REQUIRED ACTION => Your reply should reproduce the data below without a single alteration, apart from dropping the images.

PROVIDED MATERIAL =>
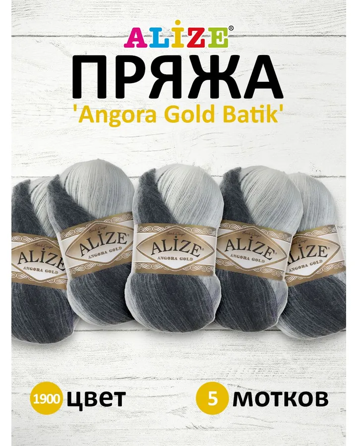 Пряжа Alize для вязания зимних вещей Angora Gold Batik 100 гр 550 м 5 мотков 1900 секционный
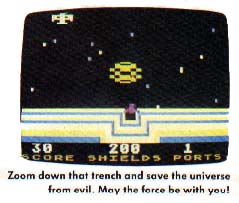 To hit the green oval vents, line up your cursor aiming system. Use a joystick in port 1 and press the trigger button to fire. If you think this sounds easy, think again. The Doomstar has plenty of its own Imperial fighters, which attack one by one---and can`t be knocked out unless they are dead-center in your screen.
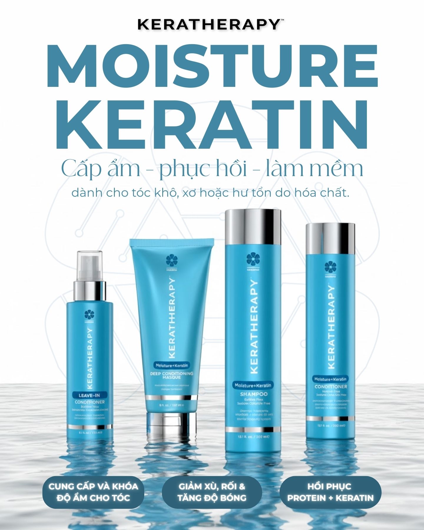 KERATHERAPY KERATIN MOISTURE - Phục hồi keratin và dưỡng ẩm toàn diện cho tóc khô xơ, hư tổn ngay tại nhà

EXERCISE RESULT =>
 Пряжа Alize для вязания зимних вещей Angora Gold Batik 100 гр 550 м 5 мотков 1900 секционный
 To hit the green oval vents, line up your cursor aiming system. Use a joystick in port 1 and press the trigger button to fire. If you think this sounds easy, think again. The Doomstar has plenty of its own Imperial fighters, which attack one by one---and can`t be knocked out unless they are dead-center in your screen.
 KERATHERAPY KERATIN MOISTURE - Phục hồi keratin và dưỡng ẩm toàn diện cho tóc khô xơ, hư tổn ngay tại nhà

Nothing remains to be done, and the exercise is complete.